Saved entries
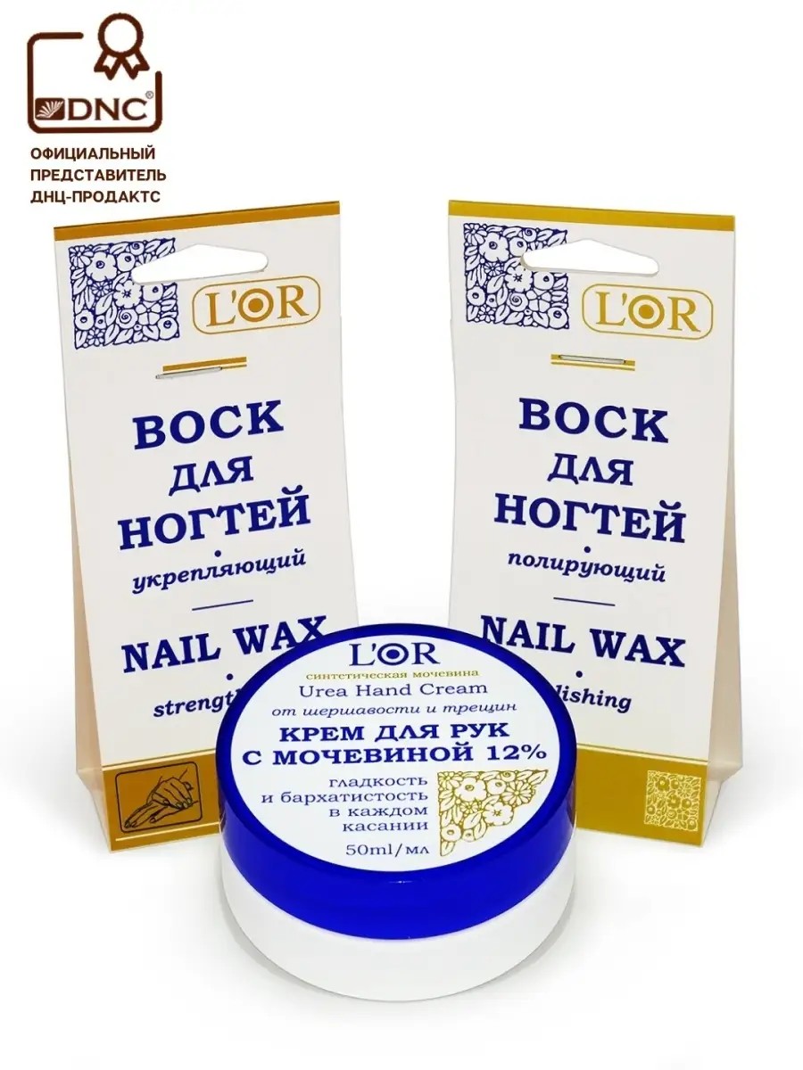 | Package contents | Polishing wax, wax for nails and cuticles, for sealing, for manicure - 1 pc; Strengthening wax, wax for nails and cuticles, for manicure - 1 pc; Softening hand cream with 12% urea - 50 ml - 1 pc. |
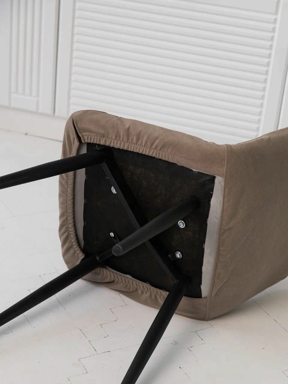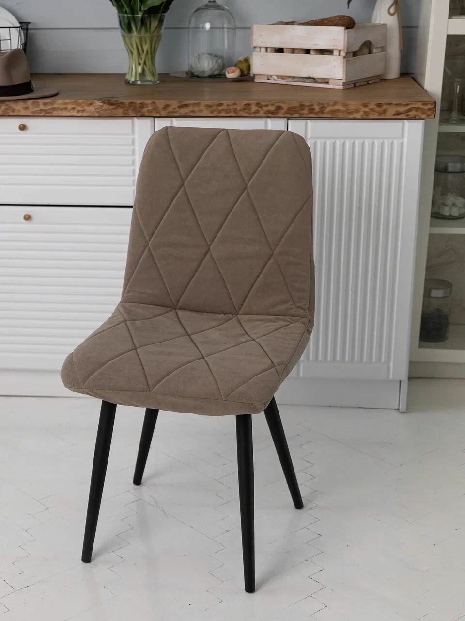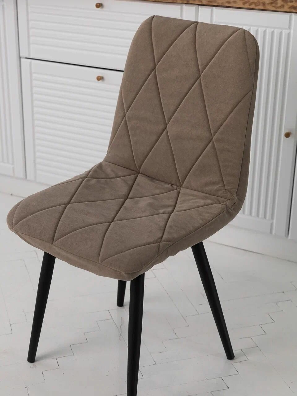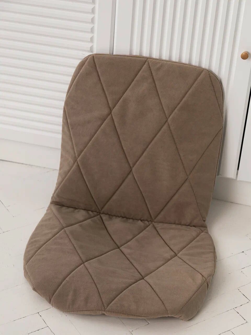 Чехол на стул универсальный Mилана из велюра, бежевый прострочка ромб 4 шт
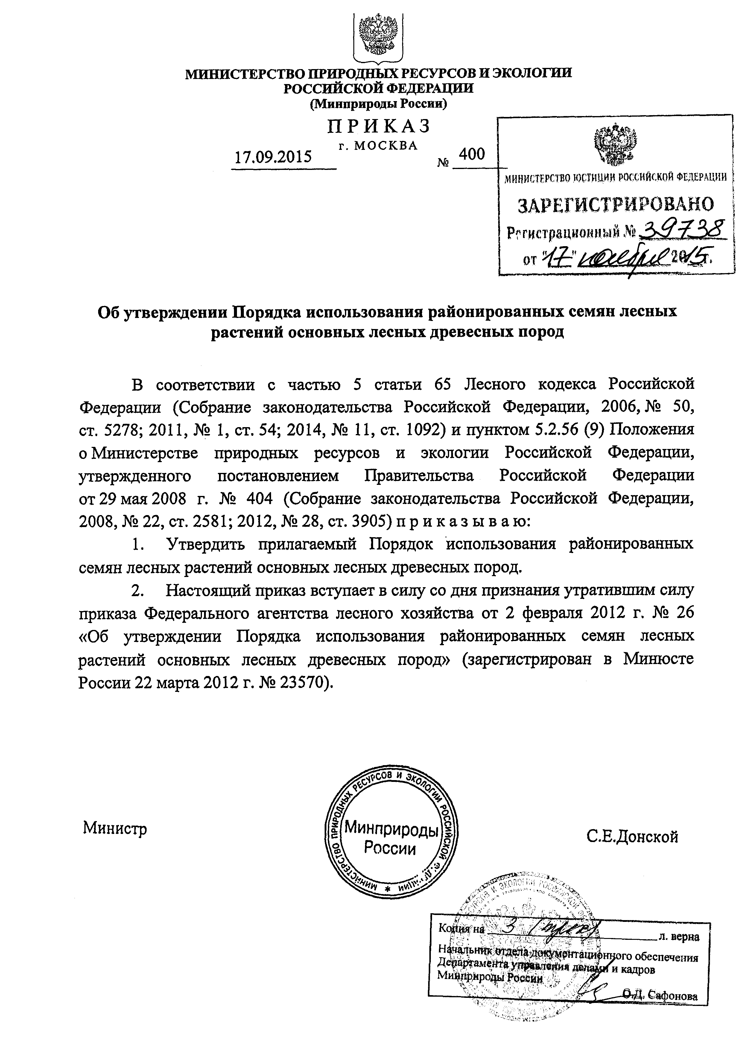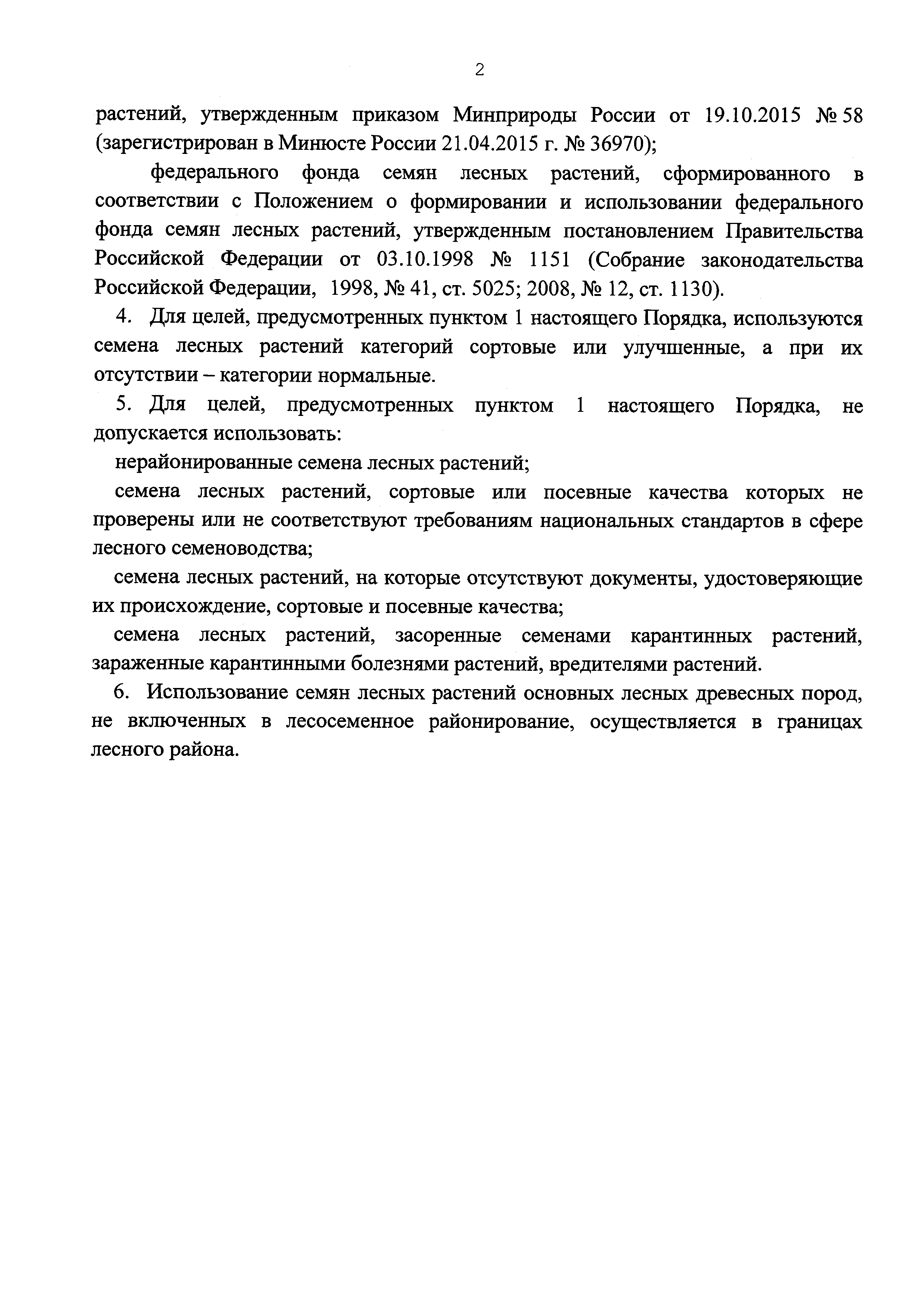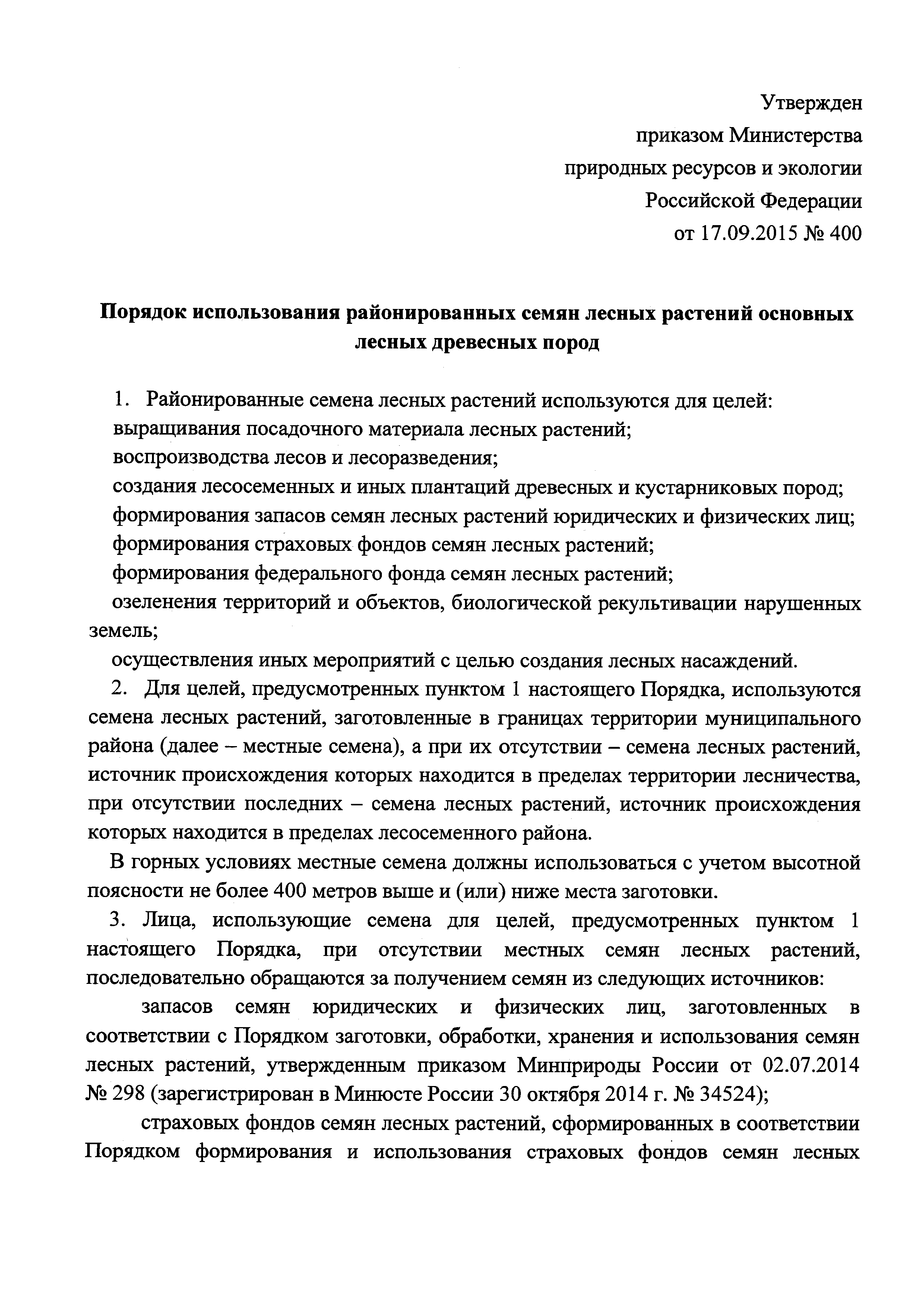 | Название рус.: | Порядок использования районированных семян лесных растений основных лесных древесных пород |
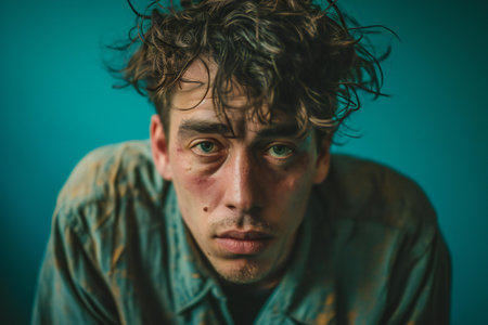 Studio dramatic portrait of a young bearded guy, thirty years old, with curly dirty greasy hair and a jacket. On a gray background.
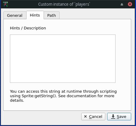 This is just a text string associated with this instance of the sprite. It can be retrieved though scripting using the Sprite:getString() function.

## [Problem statement]
Out of the records above, return only the lines from the one with "древесных пород |" through the one with "Studio dramatic portrait", exactly, and none of the pictures.

## [Task solution]
 | Название рус.: | Порядок использования районированных семян лесных растений основных лесных древесных пород |
 Studio dramatic portrait of a young bearded guy, thirty years old, with curly dirty greasy hair and a jacket. On a gray background.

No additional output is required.